Blackberry vs. the iPhone
December 13th, 2010 by Dylan
Michael Mace recently authored a particularly poignant piece on what he feels is really wrong with Blackberry. I found the article interesting because it did a fairly solid job analyzing both technical and business issues faced by RIM.
(Full disclosure: RIM makes contributions to the Dojo Foundation, and this article is strictly my opinion, as unbiased as I can be at this point)
Blackberry 6 in my opinion offers an amazing set of opportunities for mobile web app developers. Wolfram from Uxebu has an in-depth analysis of the Blackberry 6 benefits that roughly match my opinions on the topic, so I’ll not waste time repeating those points.
I’ve had an iPhone since the day it was released, but I’ve not upgraded since the 3G. I’m a jailbreaker and a carrier unlocker: though I keep a contract with AT&T, I cannot justify the international extortionist rates of mobile carriers. I have a Pay & Go SIM card for the UK that gets more use than my AT&T SIM, and a stack of other SIMs from travels (about a dozen SIMs from Thailand, Cambodia, Germany, etc.). I can effectively spend $10-30/month in another country on a pay as you go plan with as much data as needed. But I’m getting way off topic.

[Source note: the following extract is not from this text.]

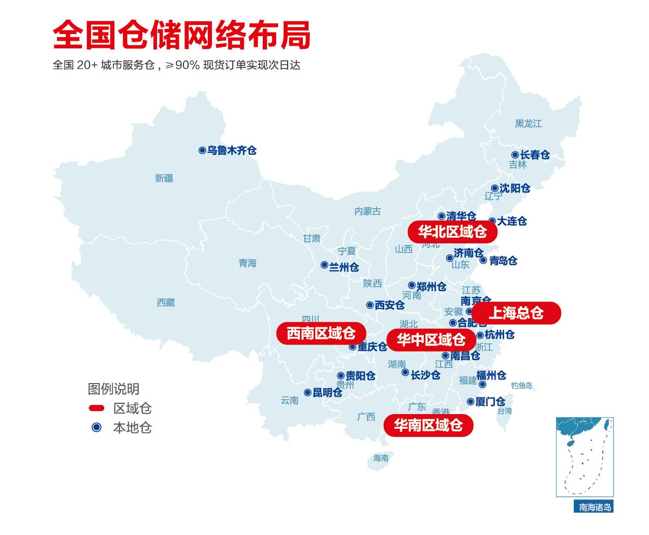 泰坦科技有能力保障该集团如此庞大需求的高效运转,很大程度上得益于基础服务设施的布控。2020年上市后,泰坦科技围绕全国一二线发展城市,设立了上海、廊坊、武汉、成都、广州五大区域中心仓,20余座城市前置服务仓,总仓库面积近7万平方米。各仓库配备专业的危化品运输车辆,与普货车协同配送;总仓、区域仓、城市仓之间,可以逐级补货、就近调货,保障货物送达效率。

The way I see it, RIM has reinvented their web platform in an amazingly powerful way that offers what I had always hoped Apple or Palm WebOS would become. Apple fails me miserably on their attempts at control, a betrayal in my opinion given their wonderful Mac OSX which has been extremely flexible and configurable in a mostly open manner. WebOS has failed so far because the UI and devices just aren’t very nice to use. RIM at the moment has a platform that’s frankly not all that stylish, devices that are currently too slow, but wow, the phone calls actually work and as a developer, I get even more capabilities than I see possible with operating systems like Google’s Android.
I expect my next two phones to be an iPhone 4 and whatever is next from Blackberry. I want the best of both of these worlds, and until I get what I want, I’m going to be a frustrated tinkerer that spends far too much time on this for not enough gain, complaining and grumbling until I can get a device that works in a manner as delightful as iOS, but with the control and freedom I want without a series of silly hacks like installing iPad baseband software on an iPhone to keep it unlocked.
On the business side of things, the internet is currently leading to an interesting phenomenon which is this: a long tail, but a really narrow and tall initial peak. I believe we’re seeing winners take all at a faster rate than ever, but the lower costs of being in many markets leading to many more players than ever (example, open source JavaScript toolkits). But with mobile devices, it’s a very challenging set of problems, from hardware and software to marketing to fickle users to selling souls to the mobile carriers, with very few highly profitable opportunities for mobile device makers, so I expect a very short list of players that can compete viably over the long term.
I’m also curious to see if Apple’s removal of the Jailbreak detection API is an admission of defeat, or just removing a bad API in preparation for something more difficult to work around.